Sorry for so many questions....my mind just starts to wonder out of control sometimes...LoL

NetworkVeteran

m1chael wrote: »

So my question is about the second octet (second and third for class c)....is there usually a default number people use or a standard or can you address this any way you like?

You can only use public IP addresses that you've been assigned. Often, this involves an exchange of money. Internally, most networks are going to use the private address ranges.

172.16.15.1 is part of a range of private IP addresses (172.16.0.0 - 172.31.255.255). Use any you like. I suppose the norm would be to begin assigning addresses from the beginning of that range.

Similarly, 192.168.0.1 is part of a range of private IP addresses (192.168.0.0 - 192.168.255.255). Again, the norm would probably be to begin assigning addresses from the beginning of that range.

NetworkVeteran

For a class C network, the second octet has to be 168. You can use any number in the third and fourth octet though.

To clarify, class C networks don't have to have 168 in the second octet. Also, if you're assigned a class C address, the only subnetting wiggle room you have is the fourth octet.

See my above post. I hope this helps.

sratakhin

I know. I just meant private Class C addresses.

m1chael

NetworkVeteran- Yes both responses help big time...thx

If you don't mind, I would like to "run" with this topic just for a hot sec.....for example, most people have a home class C network typically 192.168.1.1 or 192.168.0.1 depending on router company.
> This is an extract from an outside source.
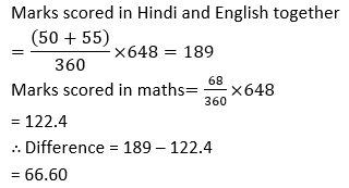Pie-chart shows the marks obtained by a student in different subjects in an examination. (In degree)
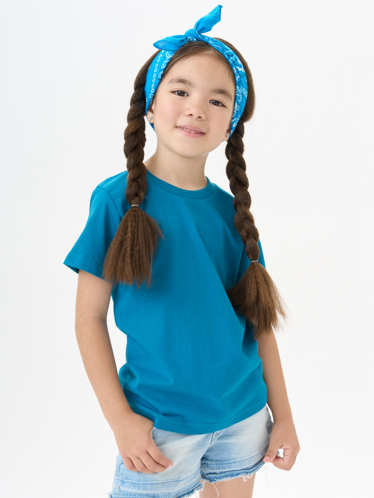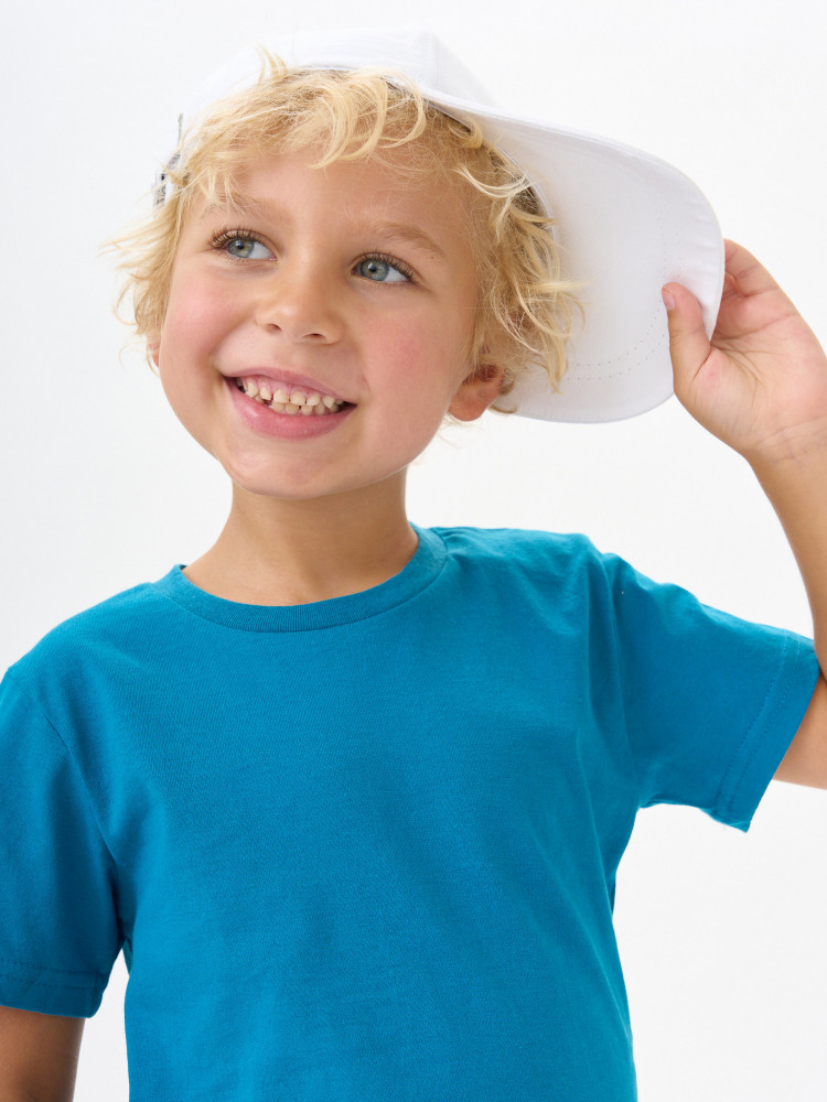 Футболка детская прямого покроя с втачными короткими рукавами. По линии горловины втачен ворот из ластичного полотна с 5% добавлением лайкры. Перед и спинка цельнокроеная. Плечевые швы обтачены бейкой из основного полотна, в край проложена отделочная строчка. Низ футболки и рукава подогнуты и подшиты на распошивальной машине. Ткань — кулирная гладь, из гребенной пряжи Ne 24/1, активное глубокое крашение.

My thinking is that if you wanted to change this setting (just for the hell of it let's say) to 192.165.5.1 you could do that?

My other question is this....say if you wanted to set up two totally separate networks at home (two routers for example) you could have one network on 192.168.0.1 and the other on 192.168.10.1?

m1chael

Edit: I guess you can't use the 192.165.5.1 because it is not in the "private" range.....but I guess you could use 192.168.20.1 if you wanted?

NetworkVeteran

m1chael wrote: »

Edit: I guess you can't use the 192.165.5.1 because it is not in the "private" range.....but I guess you could use 192.168.20.1 if you wanted?

I've encountered home routers that don't allow you to change the LAN address range! But yeah, if they have that capability, either 192.168.20.0/24 or 192.168.10.0/24 are fine.

srathakin, I realized you probably did. I just wanted to clarify for his sake.